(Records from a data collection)
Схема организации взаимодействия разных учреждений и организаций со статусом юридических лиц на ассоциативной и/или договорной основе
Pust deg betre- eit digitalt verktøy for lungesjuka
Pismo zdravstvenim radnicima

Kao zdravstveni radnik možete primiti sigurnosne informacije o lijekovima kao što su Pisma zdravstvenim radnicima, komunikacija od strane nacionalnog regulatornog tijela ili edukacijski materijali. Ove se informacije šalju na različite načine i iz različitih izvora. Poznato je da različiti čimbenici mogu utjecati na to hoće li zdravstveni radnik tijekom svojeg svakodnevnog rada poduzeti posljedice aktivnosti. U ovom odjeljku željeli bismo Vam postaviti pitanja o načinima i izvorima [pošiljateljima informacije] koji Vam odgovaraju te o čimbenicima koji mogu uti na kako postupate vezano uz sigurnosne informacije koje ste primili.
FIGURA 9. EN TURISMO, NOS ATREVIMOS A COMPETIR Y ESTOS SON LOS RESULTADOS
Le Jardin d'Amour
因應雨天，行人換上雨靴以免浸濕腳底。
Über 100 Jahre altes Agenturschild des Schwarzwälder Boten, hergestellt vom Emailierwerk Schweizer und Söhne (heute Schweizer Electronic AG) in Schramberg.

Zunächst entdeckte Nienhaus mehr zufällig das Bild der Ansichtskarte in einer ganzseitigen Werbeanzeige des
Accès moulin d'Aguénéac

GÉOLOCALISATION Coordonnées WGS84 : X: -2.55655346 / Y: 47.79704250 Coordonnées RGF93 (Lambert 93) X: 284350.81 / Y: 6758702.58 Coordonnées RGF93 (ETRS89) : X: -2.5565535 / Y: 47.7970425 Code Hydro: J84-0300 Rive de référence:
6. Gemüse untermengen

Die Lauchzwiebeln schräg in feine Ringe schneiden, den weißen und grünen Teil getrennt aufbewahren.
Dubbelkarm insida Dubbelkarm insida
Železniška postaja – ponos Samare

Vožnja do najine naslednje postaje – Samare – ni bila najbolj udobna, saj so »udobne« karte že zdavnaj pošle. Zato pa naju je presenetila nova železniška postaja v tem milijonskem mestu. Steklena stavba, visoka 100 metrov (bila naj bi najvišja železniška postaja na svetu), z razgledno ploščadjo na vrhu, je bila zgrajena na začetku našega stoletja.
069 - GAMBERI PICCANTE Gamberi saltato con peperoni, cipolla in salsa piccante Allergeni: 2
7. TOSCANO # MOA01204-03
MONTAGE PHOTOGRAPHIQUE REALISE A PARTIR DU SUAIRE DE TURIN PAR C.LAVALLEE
* * *
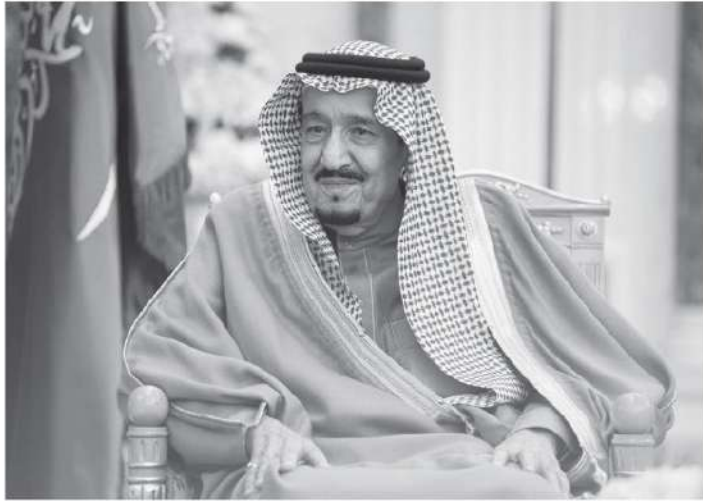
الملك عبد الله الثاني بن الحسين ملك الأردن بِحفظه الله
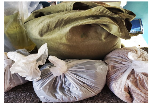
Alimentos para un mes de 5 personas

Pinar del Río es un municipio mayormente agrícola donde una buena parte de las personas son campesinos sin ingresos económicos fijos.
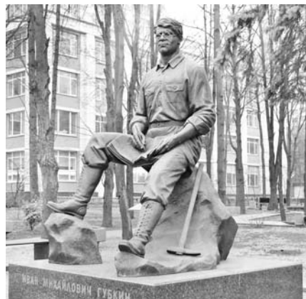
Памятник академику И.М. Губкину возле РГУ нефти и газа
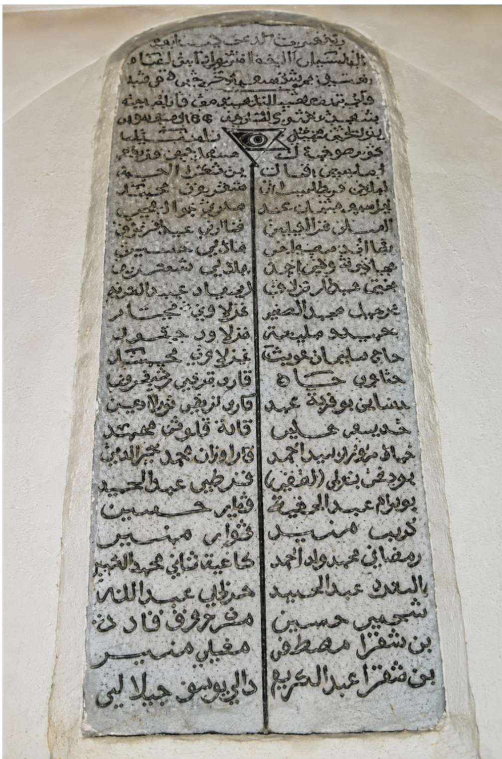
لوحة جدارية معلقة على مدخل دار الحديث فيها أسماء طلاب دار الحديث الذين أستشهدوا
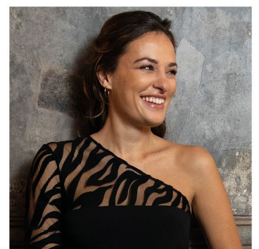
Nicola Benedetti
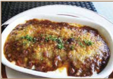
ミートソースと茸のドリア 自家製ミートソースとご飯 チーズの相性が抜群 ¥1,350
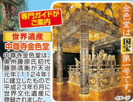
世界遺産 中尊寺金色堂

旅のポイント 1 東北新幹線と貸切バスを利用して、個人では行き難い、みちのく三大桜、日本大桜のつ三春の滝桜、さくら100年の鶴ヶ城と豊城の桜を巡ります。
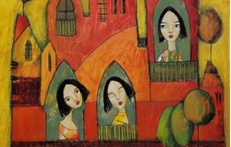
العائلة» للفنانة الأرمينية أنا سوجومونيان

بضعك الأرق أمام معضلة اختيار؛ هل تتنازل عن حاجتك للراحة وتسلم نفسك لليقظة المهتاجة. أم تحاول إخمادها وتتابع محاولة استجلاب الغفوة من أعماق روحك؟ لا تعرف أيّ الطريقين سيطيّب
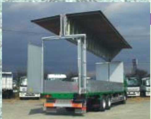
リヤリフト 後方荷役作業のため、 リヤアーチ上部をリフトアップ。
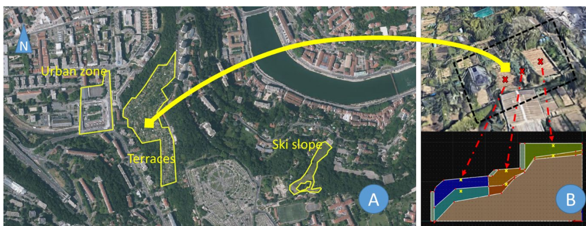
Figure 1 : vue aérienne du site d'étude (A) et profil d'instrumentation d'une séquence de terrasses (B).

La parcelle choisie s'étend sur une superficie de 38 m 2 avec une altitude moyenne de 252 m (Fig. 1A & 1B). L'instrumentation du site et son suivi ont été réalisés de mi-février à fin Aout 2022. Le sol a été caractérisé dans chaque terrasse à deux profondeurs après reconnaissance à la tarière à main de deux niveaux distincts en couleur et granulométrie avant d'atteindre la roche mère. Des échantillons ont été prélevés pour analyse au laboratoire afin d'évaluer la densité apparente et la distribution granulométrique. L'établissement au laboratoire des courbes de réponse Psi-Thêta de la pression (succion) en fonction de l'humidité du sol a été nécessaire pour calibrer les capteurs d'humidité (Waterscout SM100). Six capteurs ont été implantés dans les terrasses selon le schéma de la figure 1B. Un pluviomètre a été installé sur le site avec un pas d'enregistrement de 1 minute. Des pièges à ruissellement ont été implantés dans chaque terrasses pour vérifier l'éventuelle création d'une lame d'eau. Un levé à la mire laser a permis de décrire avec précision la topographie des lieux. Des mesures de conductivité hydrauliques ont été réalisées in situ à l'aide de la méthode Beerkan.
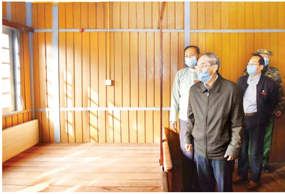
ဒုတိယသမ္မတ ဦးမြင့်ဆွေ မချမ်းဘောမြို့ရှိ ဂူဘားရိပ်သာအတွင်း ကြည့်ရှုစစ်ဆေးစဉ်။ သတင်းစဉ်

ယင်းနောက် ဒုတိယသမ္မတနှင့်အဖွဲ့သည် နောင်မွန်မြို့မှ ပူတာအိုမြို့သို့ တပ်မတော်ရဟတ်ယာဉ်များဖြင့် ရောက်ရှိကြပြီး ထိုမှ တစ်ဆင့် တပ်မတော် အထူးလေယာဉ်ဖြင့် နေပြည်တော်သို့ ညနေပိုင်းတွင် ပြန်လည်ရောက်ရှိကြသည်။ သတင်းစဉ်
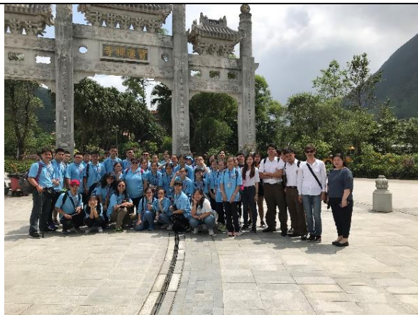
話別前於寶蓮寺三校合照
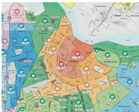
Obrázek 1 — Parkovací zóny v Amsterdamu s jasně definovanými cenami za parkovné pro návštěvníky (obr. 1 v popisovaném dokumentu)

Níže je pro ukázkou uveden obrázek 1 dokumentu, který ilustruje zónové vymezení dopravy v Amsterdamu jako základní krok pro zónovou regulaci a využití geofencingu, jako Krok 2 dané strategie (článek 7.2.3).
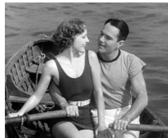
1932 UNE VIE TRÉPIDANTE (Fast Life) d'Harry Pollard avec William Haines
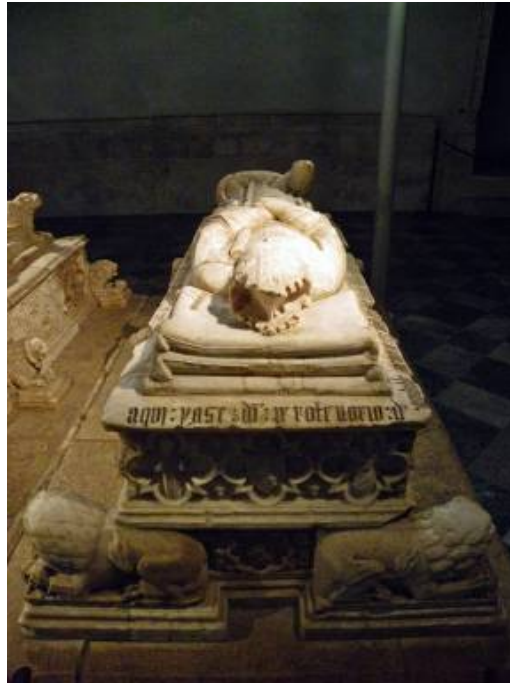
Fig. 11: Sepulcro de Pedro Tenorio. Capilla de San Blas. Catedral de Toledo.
* * *
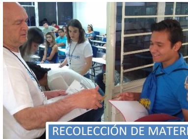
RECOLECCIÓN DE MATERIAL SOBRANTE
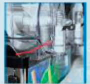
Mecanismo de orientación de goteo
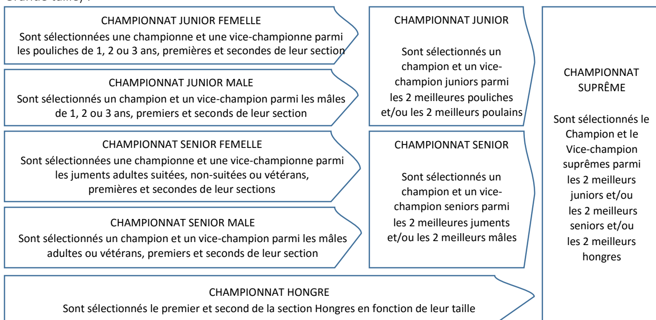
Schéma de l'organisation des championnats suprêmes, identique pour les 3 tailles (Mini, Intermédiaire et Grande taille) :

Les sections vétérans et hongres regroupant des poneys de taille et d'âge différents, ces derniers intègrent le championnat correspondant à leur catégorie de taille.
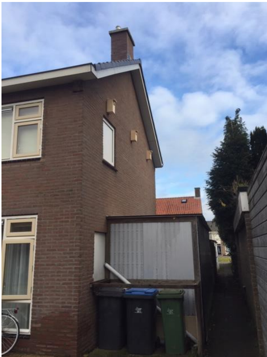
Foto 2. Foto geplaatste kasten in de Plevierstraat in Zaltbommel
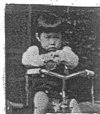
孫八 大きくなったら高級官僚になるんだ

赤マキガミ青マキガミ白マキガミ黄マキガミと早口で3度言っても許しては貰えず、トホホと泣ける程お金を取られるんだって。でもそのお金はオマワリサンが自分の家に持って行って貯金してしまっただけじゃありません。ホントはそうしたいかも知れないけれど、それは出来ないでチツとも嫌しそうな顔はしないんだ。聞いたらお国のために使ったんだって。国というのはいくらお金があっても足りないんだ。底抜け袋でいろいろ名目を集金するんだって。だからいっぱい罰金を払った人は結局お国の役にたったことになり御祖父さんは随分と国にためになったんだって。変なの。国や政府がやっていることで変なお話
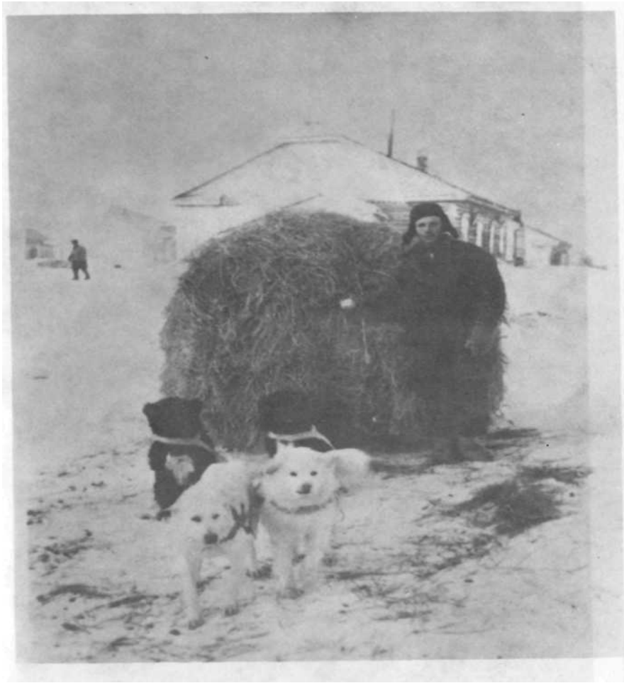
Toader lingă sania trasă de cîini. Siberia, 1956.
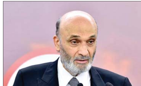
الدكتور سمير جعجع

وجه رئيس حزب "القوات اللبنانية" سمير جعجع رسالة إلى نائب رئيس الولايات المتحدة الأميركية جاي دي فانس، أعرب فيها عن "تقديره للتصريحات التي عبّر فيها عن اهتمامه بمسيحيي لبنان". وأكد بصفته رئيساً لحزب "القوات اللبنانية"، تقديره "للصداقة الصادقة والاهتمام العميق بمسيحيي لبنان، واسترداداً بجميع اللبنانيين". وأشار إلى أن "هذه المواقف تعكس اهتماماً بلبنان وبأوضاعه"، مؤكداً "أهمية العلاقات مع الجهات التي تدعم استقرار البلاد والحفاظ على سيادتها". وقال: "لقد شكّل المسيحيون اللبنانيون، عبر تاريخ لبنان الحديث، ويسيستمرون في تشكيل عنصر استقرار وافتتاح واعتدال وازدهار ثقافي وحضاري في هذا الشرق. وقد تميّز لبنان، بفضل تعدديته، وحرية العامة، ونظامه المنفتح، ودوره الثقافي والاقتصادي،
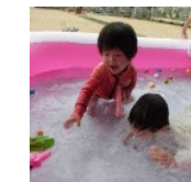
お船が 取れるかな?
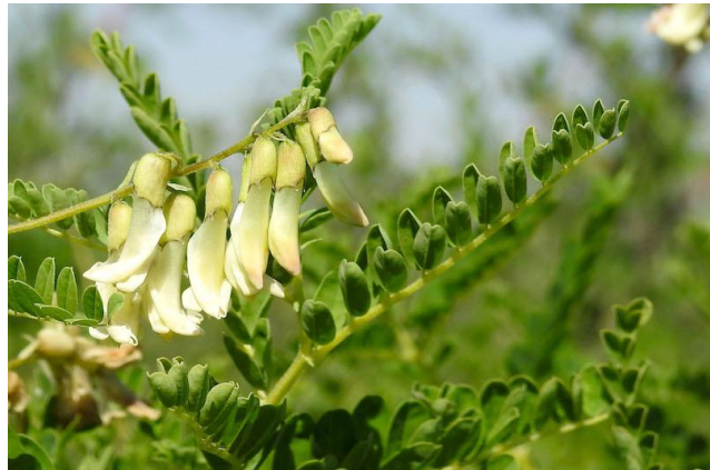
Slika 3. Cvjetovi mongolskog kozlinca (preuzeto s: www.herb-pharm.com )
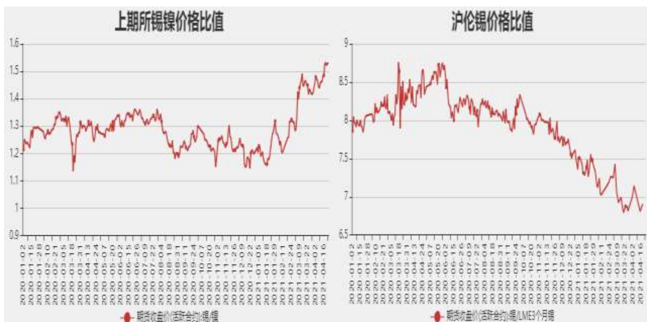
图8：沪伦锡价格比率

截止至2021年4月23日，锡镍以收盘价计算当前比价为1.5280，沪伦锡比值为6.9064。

> What the task requires: All lines above from the one containing "Схема организации взаимодействия" to the one containing "Kao zdravstveni radnik" must be repeated exactly, both lines included, and no others.

> Solution:
Схема организации взаимодействия разных учреждений и организаций со статусом юридических лиц на ассоциативной и/или договорной основе
Pust deg betre- eit digitalt verktøy for lungesjuka
Pismo zdravstvenim radnicima

Kao zdravstveni radnik možete primiti sigurnosne informacije o lijekovima kao što su Pisma zdravstvenim radnicima, komunikacija od strane nacionalnog regulatornog tijela ili edukacijski materijali. Ove se informacije šalju na različite načine i iz različitih izvora. Poznato je da različiti čimbenici mogu utjecati na to hoće li zdravstveni radnik tijekom svojeg svakodnevnog rada poduzeti posljedice aktivnosti. U ovom odjeljku željeli bismo Vam postaviti pitanja o načinima i izvorima [pošiljateljima informacije] koji Vam odgovaraju te o čimbenicima koji mogu uti na kako postupate vezano uz sigurnosne informacije koje ste primili.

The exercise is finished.